Machine Learning: Foundations (2010/11)

Students' Projects

Final Project

For the final project you need to select a project that would utilize what you learned about machine learning.

There will be a great flexibility in the topic of the project, but you need to first get it approved !

Classifying the possible projects, there are two different general types (actually it will be closer to three).

The project can be mainly an empirical project. Involving experimentation (hopefully) with real data, and the

methodologies (algorithms) introduced in the course. The project can be theoretical in mature. This again will have

two distinct flavors. It can be a summary, reading a few related papers and writing a critical summary of them

(critical summary means that you try to point to weaknesses in the model/results, and what should be the goal).

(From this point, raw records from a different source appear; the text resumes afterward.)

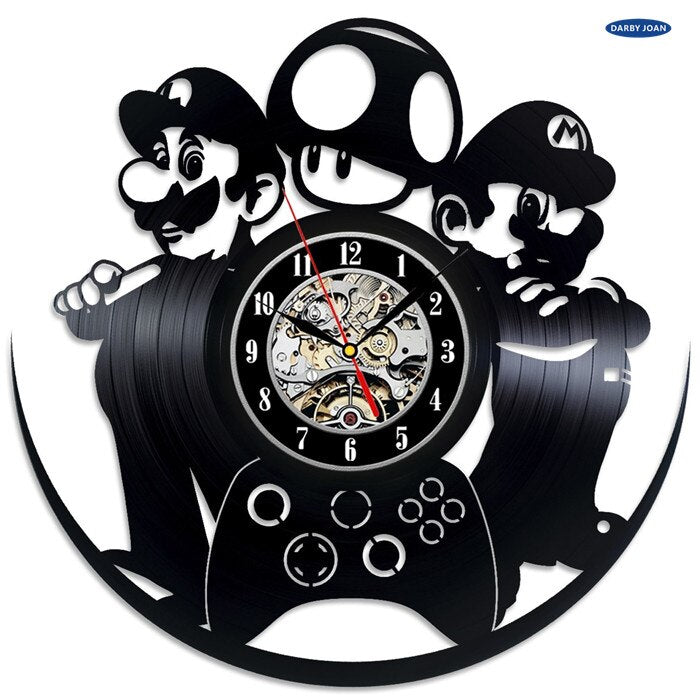 - **Käsityönä tehty uniikki muotoilu:** Jokainen kello on tarkkaan laserleikattu aidosta vinyylilevystä, esitellen yksityiskohtaisia Super Mario -hahmoja ja peliohjaimen siluetteja.
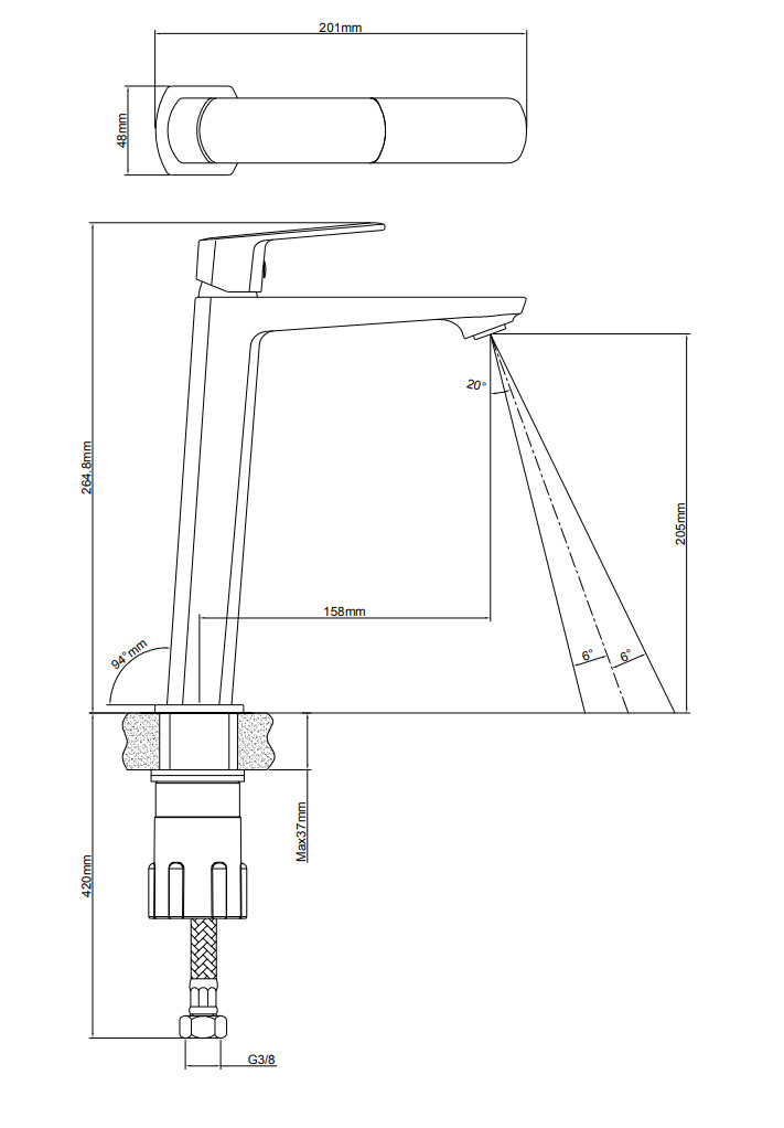 - Hauteur du mitigeur: 26,4 cm
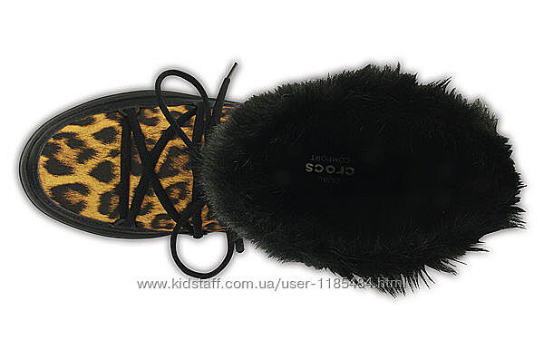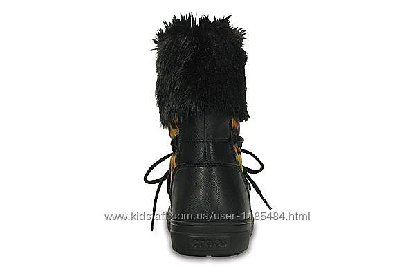 Особливості моделі: - Універсальні легкі чоботи на кожен день; - витончений жіночний силует; - висота до середини ікри чудово виглядає з джинсами та сукнями; - хутряне оздоблення та візерунки оживлять ваш зимовий гардероб. - верх з водовідштовхувального нейлону на шнурівці з хутряною облямівкою; - гумова підошва покращує зчеплення та збільшує термін служби взуття; - подвійний комфорт Crocs: устілка та підошва з піни Croslite.
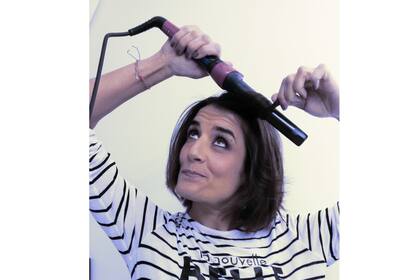 2. Una vez hecha la capa de abajo, empezamos por la de arriba. Acá la clave oficial es agarrar mechones grandes de pelo, y hacer un rulo para un lado y otro para el otro. Pero recuerden, que el mechón sea grande, así se enrula desprolijamente y queda la cosa esta quebrada copada.

It can be a research project, which will usually involve in trying to define an open interesting problem, and trying

(hopefully) solve it, but at the very least be able to explain what you tried to solve it, and why did it fail (or where

did you get stuck).

If you have an idea which you think is reasonable, and does not fall in any of the category, simply ask if it can be a project,

At the end of the project you will need to write a report (ideally, 7-10 pages) that you summarize what you did in the project.

The project can be done in pairs.

REMEMBER: You need to first get your project approved!

The deadline for the project is April 27, 2010.

In the following I will be more precise, and try to give you pointers to each project.

Empirical project

For this kind of project you will need two elements. First you will need the data that you are interested in,

and second, you need to define what you like to do (learn) with the data.

DATA:

The best kind of data is any data that you have access to and you are interested in analyzing.

(If this is part of your graduate studies, even better.)

Here are a few more standard pointers to open data sets:

Delve Datasets

UC Irvine Machine Learning Repository

ICDAR

MNIST and procedures to handle it Hinton's webpage

Also, you can try to think “out of the box”

Yahoo! Finance has a large variety of financial data about stock price.

Google Trend has information about queries.

Finally, there is a huge variety on the web of user report on product and services.

LEARNING:

Try to propose what you would like to do with the data. You can either try to simply learn a given task,

or try to learn something about a learning algorithm , or try to compose a two (or more) learning algorithms.

Here are a few examples:

BOOSTING USING REGRET MINIMIZATION: In class we showed a general reduction from regret minimization to boosting.

Try to utilize this reduction with some of the many regret minimization algorithms and compare them to AdaBoost.

SENTIMENT ANALYSIS: Given user reviews, to determine if the review positive, negative or neutral.

Summary project

You first need to find a number of related papers (2-3) on the same topic (that interest you).

One place to find papers on machine learning is in the conferences (COLT (more theoretical), ICML (more empirical) or

NIPS) or journals (JMLR or Machine Learning Journal). Another good starting places are surveys and tutorials that explain the area and have many references.

Here are a few leads on some of the topics:

Boosting page also tutorial, tutorial2

Semi-supervised learning- survey, tutorial

Active learning: Sanjoy Dasgupta and tutorial

Online Learning and Regret Minimization: Survey, tutorial, tutorial2, Elad Hazan, Nicolo Cesa-Bianchi

Domain Adaptation: tutorial and Mehryar Mohri

Structured Prediction: tutorial

Agnostic Learning: tutorial

Research project

Basically, this is very similar to the summary project, in the planning and preparation. The main difference might be that you will select maybe a single paper,

and that your goal would be to identify a research project that is related to this work. In the proposal stage try to give a general outline of what you would like to do.